Ricordarsi di ricordare

Secondi, minuti, ore, mesi, secoli, una lunga catena formata di anelli: alcuni splendenti, altri opachi, alcuni pericolosamente danneggiati. Una catena talvolta ritorta su se stessa, altre volte proiettata in avanti mai completamente lineare. Ogni anello un passaggio verso quello successivo. Taluni anelli sono legati ad anelli quasi distrutti, sono i più resistenti, ma quelli che seguono sono assottigliati. Non vi sono anelli uguali, ma con ciascun anello, anche se di alcuni ne vorremmo fare a meno, giungiamo all’ultimo, che ultimo non è. Eraclito ci ricorda che: “nessun uomo entra mai due volte nello stesso fiume, perché il fiume non è mai lo stesso, ed egli non è lo stesso uomo”. Ma il gesto di entrare nel fiume ci ha reso ciò che siamo, e il fiume di oggi non sarebbe lo stesso se non ci fosse stato il fiume di ieri. L’ultimo anello ha: da una parte un debito di riconoscenza nei confronti degli anelli precedenti, dall’altra la necessità di non ripetere gli errori che hanno corroso pericolosamente alcuni degli anelli che lo precedono.

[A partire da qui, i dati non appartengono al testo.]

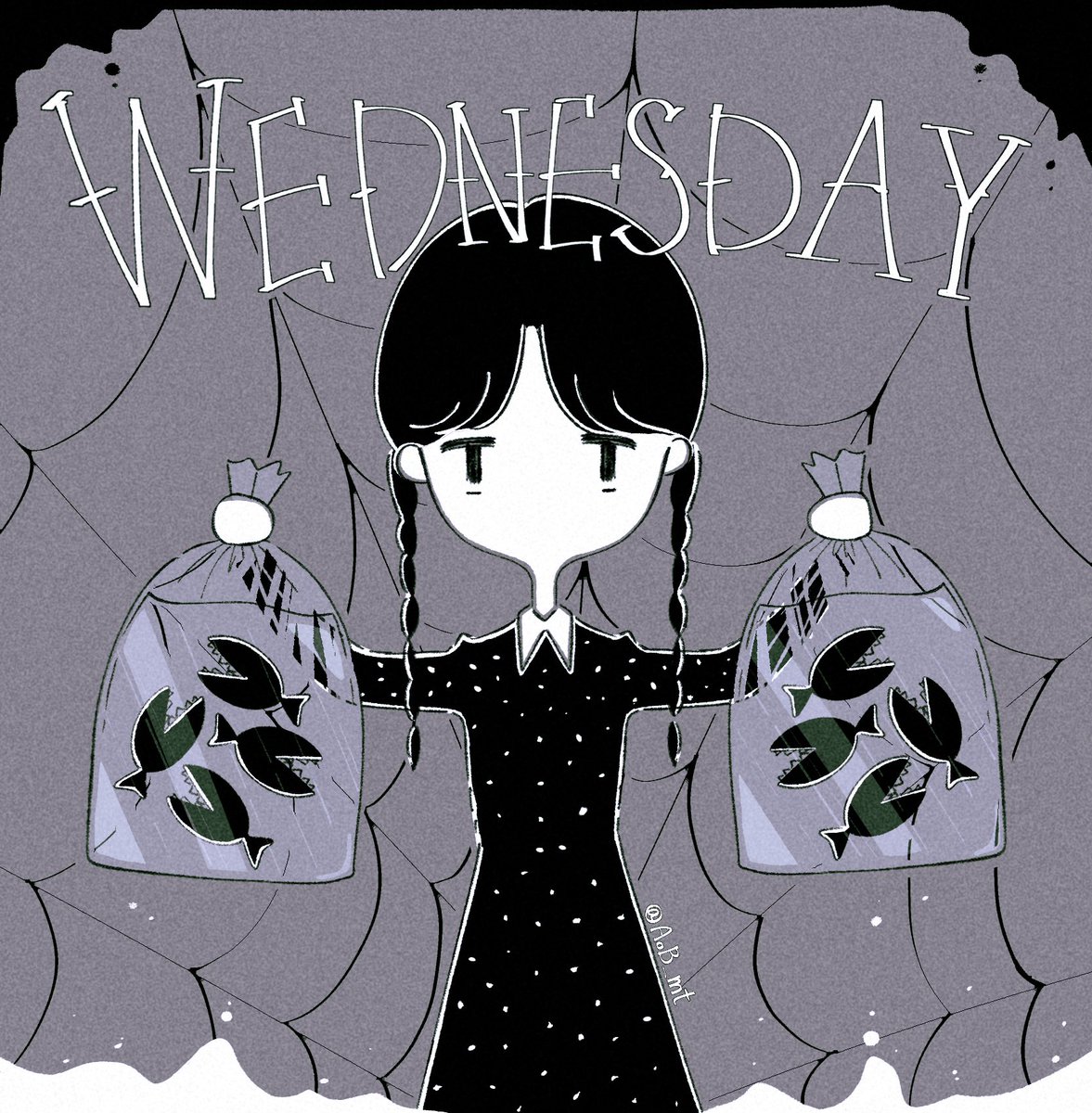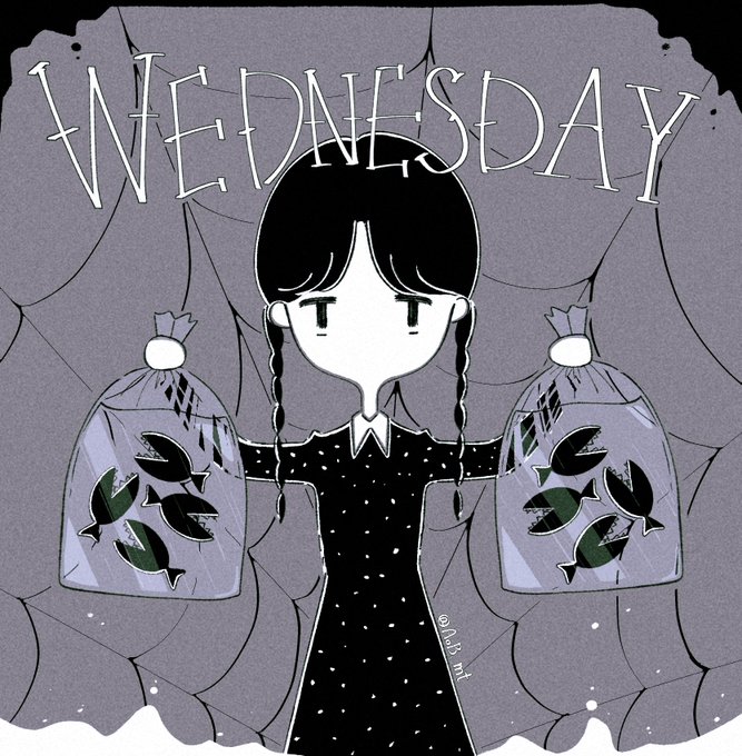 #illustration どの衣装も可愛くて、すごく面白いストーリーだった…🕷 シーズン2も楽しみ…! The Thing→👋🏻🫲🏻🤞🏻 #wednesdaynetflix #wednesdayaddams

Da più parti siamo richiesti incessantemente di vivere il presente in una sorta di bolla che ci anestetizza  separandoci dal passato ed impedendoci di preoccuparci del futuro. La proposta è quella di vivere l’attimo presente s-pensieratamente, accaparrandoci briciole di gioia senza coscienza del passato e rinunciando alla ricerca di un bene futuro, inteso come la felicità. Viviamo il paradosso di essere immersi in un mare magnum  di informazioni senza una reale capacità critica di gestire gli avvenimenti di “ieri”. Viviamo le notizie bruciandole senza mai farne reale esperienza, senza che queste possano costituire un bagaglio. Gli avvenimenti del passato sono utilizzati per suscitare emozioni senza una reale e profonda riflessione. Eppure ciascuno di noi in fondo si auspica di lasciare dopo di sé delle tracce. Desidera conquistare uno spazio nel futuro.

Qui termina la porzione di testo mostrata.